Your instructions:
Go to the line holding "Flat lay composition" in the data below and repeat it exactly, then each line after it up to and including the one holding "北京师范大学水科学研究院课程表(2015-2016学年第二学期) .docx". Omit pictures.

Provided records:
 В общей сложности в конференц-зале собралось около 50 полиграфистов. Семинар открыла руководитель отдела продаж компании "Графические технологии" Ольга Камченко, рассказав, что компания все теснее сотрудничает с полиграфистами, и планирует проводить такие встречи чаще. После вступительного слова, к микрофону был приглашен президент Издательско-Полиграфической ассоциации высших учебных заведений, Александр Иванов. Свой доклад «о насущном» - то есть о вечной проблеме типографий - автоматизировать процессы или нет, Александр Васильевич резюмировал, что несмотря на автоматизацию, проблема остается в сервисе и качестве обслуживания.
---
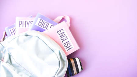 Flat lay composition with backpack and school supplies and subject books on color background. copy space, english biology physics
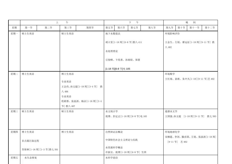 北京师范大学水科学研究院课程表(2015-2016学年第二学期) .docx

Task output:
 Flat lay composition with backpack and school supplies and subject books on color background. copy space, english biology physics
 北京师范大学水科学研究院课程表(2015-2016学年第二学期) .docx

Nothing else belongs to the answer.